** Opening SOURCE MATERIAL block **

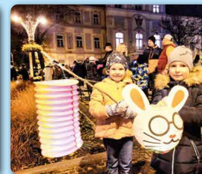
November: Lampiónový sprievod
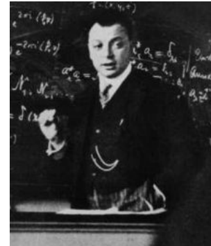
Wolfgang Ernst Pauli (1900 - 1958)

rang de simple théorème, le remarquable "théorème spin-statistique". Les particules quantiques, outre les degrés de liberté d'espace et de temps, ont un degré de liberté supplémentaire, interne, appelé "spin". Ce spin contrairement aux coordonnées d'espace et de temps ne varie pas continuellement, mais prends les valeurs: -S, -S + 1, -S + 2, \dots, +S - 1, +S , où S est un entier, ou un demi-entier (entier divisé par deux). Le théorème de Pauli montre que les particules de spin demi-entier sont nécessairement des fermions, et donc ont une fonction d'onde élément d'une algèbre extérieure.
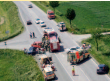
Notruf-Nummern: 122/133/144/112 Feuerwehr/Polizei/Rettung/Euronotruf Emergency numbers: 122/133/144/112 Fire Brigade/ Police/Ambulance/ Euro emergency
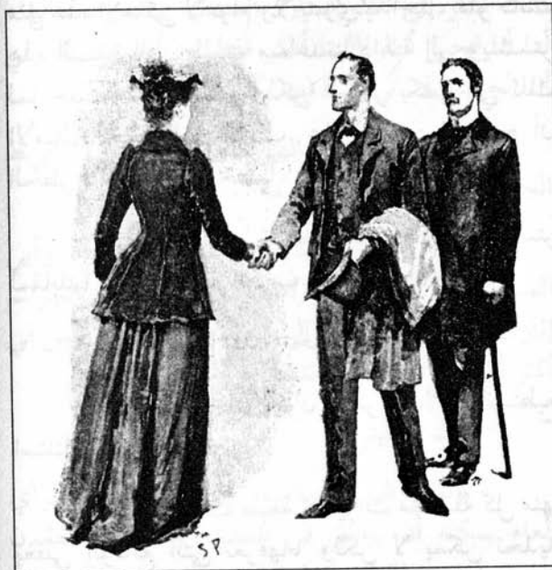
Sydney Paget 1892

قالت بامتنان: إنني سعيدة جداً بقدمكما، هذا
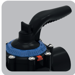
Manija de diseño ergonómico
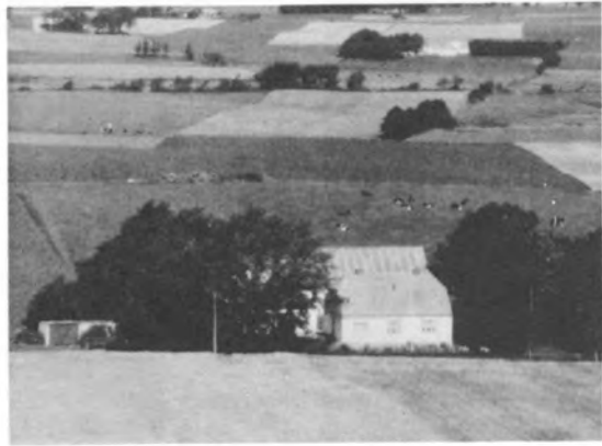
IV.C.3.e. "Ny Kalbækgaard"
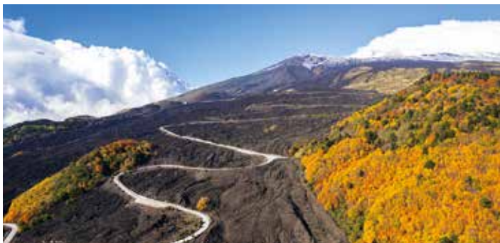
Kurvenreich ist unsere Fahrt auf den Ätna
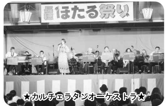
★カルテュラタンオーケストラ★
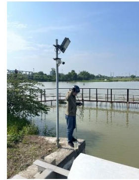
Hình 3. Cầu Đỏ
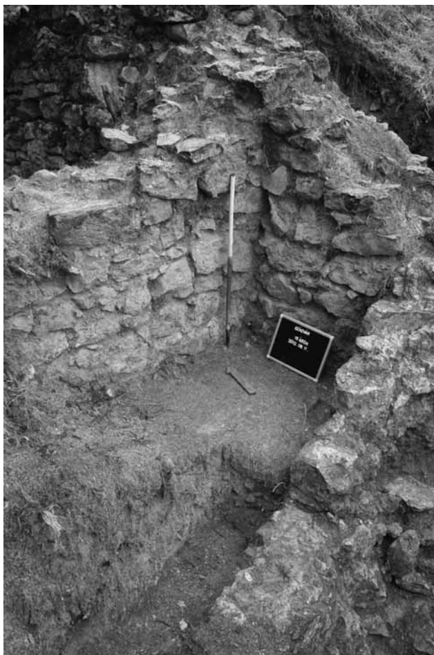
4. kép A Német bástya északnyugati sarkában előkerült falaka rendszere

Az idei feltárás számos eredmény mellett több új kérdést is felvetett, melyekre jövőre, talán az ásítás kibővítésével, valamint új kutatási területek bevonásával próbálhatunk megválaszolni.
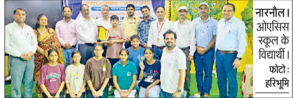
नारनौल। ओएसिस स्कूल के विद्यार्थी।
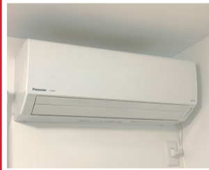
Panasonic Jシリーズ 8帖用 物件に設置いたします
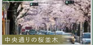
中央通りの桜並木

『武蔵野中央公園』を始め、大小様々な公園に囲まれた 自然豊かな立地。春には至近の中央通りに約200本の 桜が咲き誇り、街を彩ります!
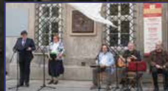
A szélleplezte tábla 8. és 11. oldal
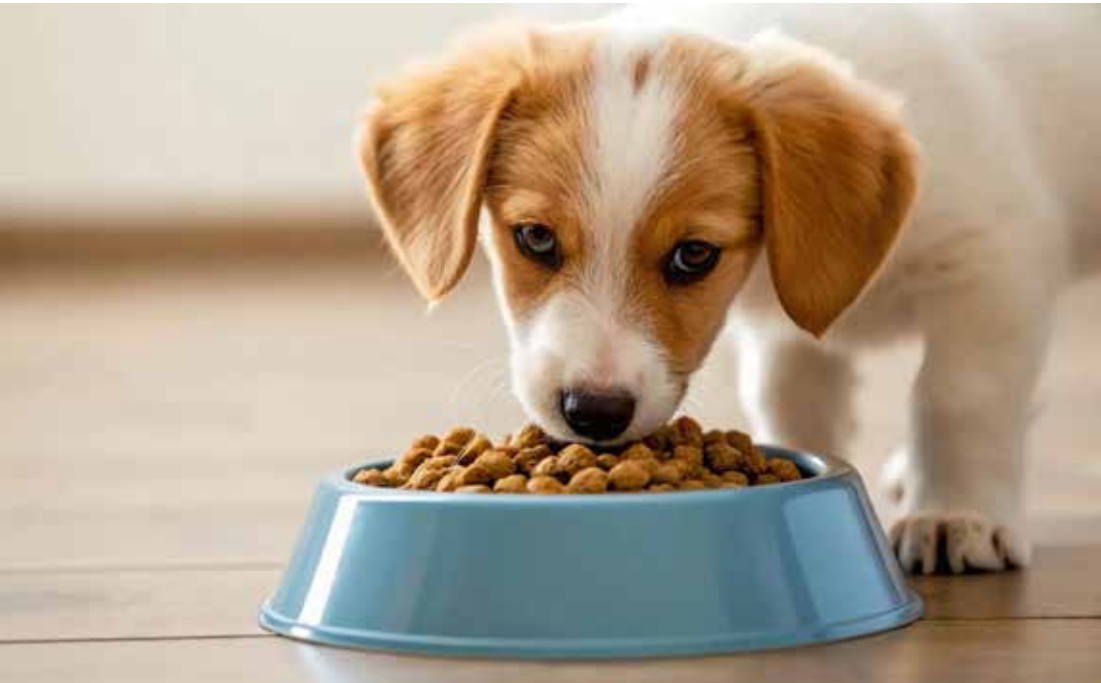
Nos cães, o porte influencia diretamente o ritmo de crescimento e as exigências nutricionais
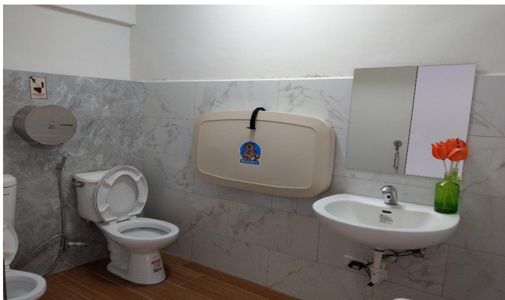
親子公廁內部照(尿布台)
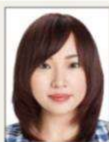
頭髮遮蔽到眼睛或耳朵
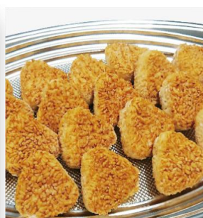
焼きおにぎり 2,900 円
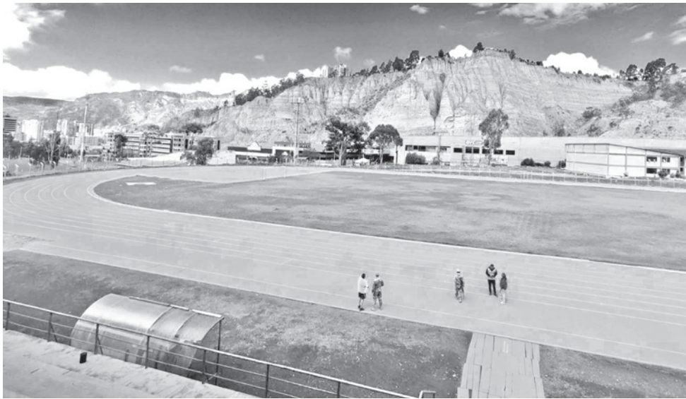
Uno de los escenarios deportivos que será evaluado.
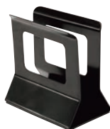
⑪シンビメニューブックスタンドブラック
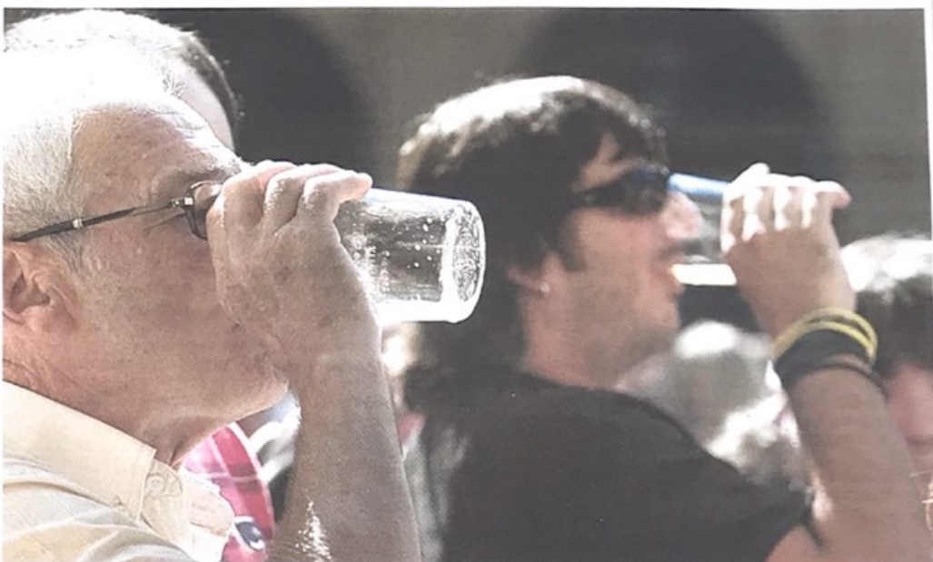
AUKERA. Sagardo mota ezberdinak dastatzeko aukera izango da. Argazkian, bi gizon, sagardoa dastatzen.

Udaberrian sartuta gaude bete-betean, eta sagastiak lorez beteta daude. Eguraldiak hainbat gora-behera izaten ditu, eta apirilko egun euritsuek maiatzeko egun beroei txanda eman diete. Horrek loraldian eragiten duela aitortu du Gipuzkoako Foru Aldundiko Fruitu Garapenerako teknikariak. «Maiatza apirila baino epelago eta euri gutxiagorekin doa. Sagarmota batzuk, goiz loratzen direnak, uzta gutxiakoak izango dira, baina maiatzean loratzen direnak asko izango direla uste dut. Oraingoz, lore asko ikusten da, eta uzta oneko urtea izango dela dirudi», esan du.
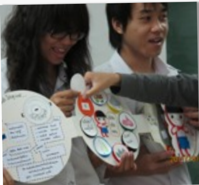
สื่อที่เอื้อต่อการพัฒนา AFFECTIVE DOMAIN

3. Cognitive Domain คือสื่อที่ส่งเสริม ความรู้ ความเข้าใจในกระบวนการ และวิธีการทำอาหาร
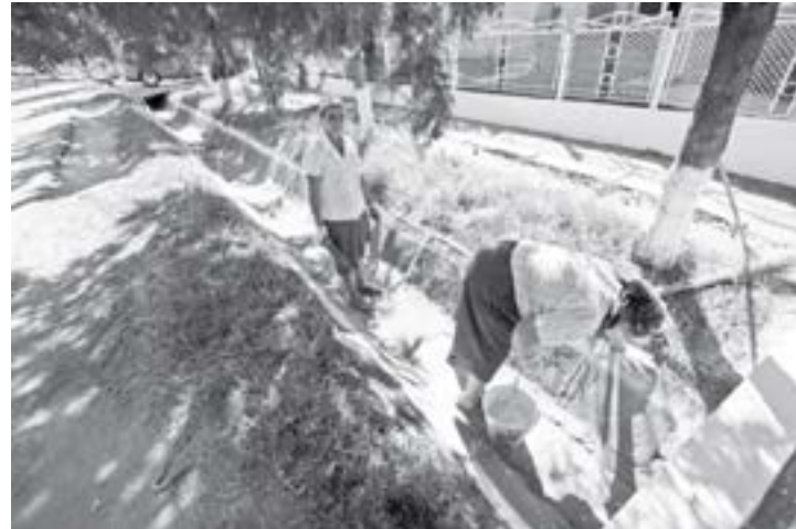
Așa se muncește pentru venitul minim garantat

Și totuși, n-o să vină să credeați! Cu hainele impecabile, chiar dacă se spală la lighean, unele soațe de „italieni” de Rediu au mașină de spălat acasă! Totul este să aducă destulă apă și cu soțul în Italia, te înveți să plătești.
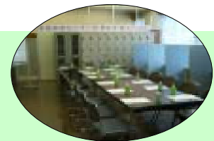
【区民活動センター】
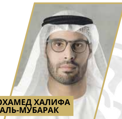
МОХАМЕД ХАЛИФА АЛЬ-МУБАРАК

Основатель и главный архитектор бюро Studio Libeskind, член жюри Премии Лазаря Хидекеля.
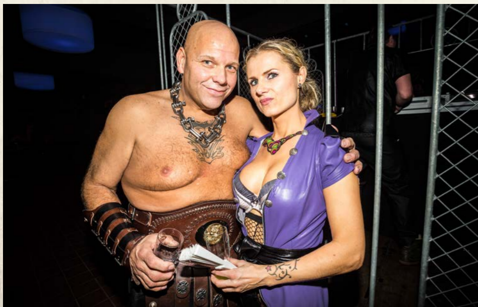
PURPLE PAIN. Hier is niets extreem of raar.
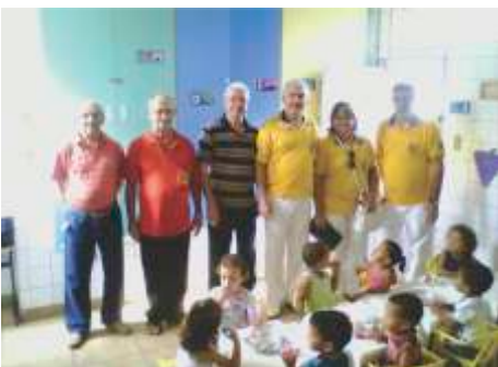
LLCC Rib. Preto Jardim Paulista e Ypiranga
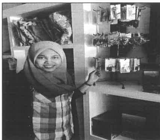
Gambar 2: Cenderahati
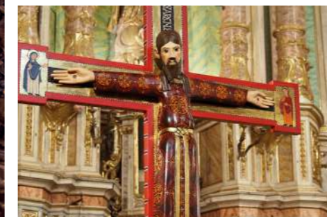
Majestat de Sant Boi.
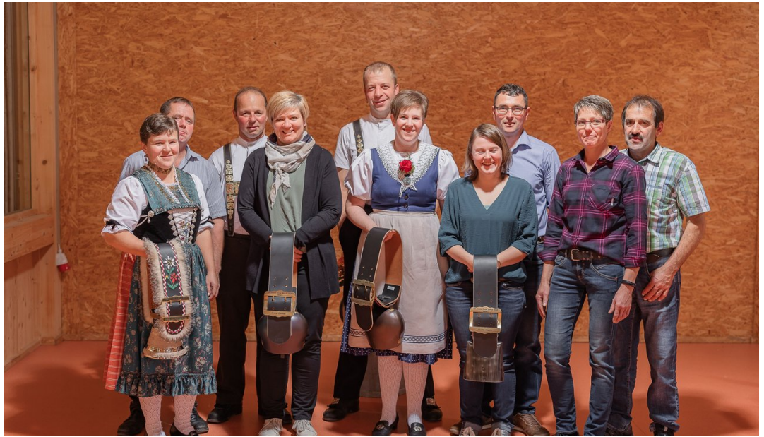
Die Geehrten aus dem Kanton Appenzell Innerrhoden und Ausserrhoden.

** Closing SOURCE MATERIAL block **

**PROBLEM DESCRIPTION**
Wherever a line of the data above contains "izango", copy that line.

**REPLY**
AUKERA. Sagardo mota ezberdinak dastatzeko aukera izango da. Argazkian, bi gizon, sagardoa dastatzen.
Udaberrian sartuta gaude bete-betean, eta sagastiak lorez beteta daude. Eguraldiak hainbat gora-behera izaten ditu, eta apirilko egun euritsuek maiatzeko egun beroei txanda eman diete. Horrek loraldian eragiten duela aitortu du Gipuzkoako Foru Aldundiko Fruitu Garapenerako teknikariak. «Maiatza apirila baino epelago eta euri gutxiagorekin doa. Sagarmota batzuk, goiz loratzen direnak, uzta gutxiakoak izango dira, baina maiatzean loratzen direnak asko izango direla uste dut. Oraingoz, lore asko ikusten da, eta uzta oneko urtea izango dela dirudi», esan du.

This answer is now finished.